Bu gün sözü Ahmet dedenin torunu ve bu hikayenin gün yüzüne çıkmasına vesile olan Sebahattin amcaya bırakıyorum.
Ben, bu satırların yazılmasına vesile olan kişi… Yani sobanın yanında uyurken üzerine kaynar su dökülen, “öldü” denilen ama Allah’ın izniyle hayatta kalan çocuğum: Sebahattin.
Adımı dedem Ahmet Dede koymuş. Kendisi gibi vakur, sabırlı ve vatan sevdalısı olmam için dua etmiş kulağıma ismi fısıldarken. Ailemin soyunda her kuşakta sadece bir erkek çocuk olurmuş; ben de o zincirin halkalarından biriyim.
Benim hikâyem, o kış günüyle başlar.

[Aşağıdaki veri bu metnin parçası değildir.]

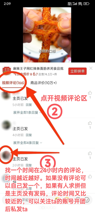 p1-3在主页右上角的【视频】评论区里找已开团的陌生拼友拼团

Henüz bebekken, sobanın yanında uyurken, kaynayan su başımdan aşağı dökülmüş. Su kazanını yanlışlıkla ninem İsmet devirmiş. O gün evde bir çığlık, bir koşuşturma… Sonra hastane koridorları… Annem Ganime Nine’nin gözyaşları, babam Selahattin’in sabırla susması…
Yıllar sonra öğrendim ki, babam eve geldiğinde ninem ellerini açmış dua ediyormuş. “Rabbim sana bir evlat verdi, ben de onu yaktım,” demiş gözleri yaşla dolu. Babamın cevabı ise kalbimde ömür boyu yankılandı:
“Ana, Allah verdi, Allah alır. Ömrü varsa yaşar. Bunu isteyerek yapmadın ya?”
Bu sözleri duyan ninem ellerini daha da yukarı kaldırmış, demiş ki:
“Rabbim, oğlum beni incitmedi. Sen de onun kuzusunu ona bağışla.”
Belki de o gün, o dua ile hayata tutundum. Belki annemin pansuman yaparken her yarama üflediği dualar tuttu beni hayatta. Kırk gün boyunca başucumda sabahlayan annemin merhameti, ninemin gözyaşları, babamın tevekkülü birleşti de ben kurtuldum.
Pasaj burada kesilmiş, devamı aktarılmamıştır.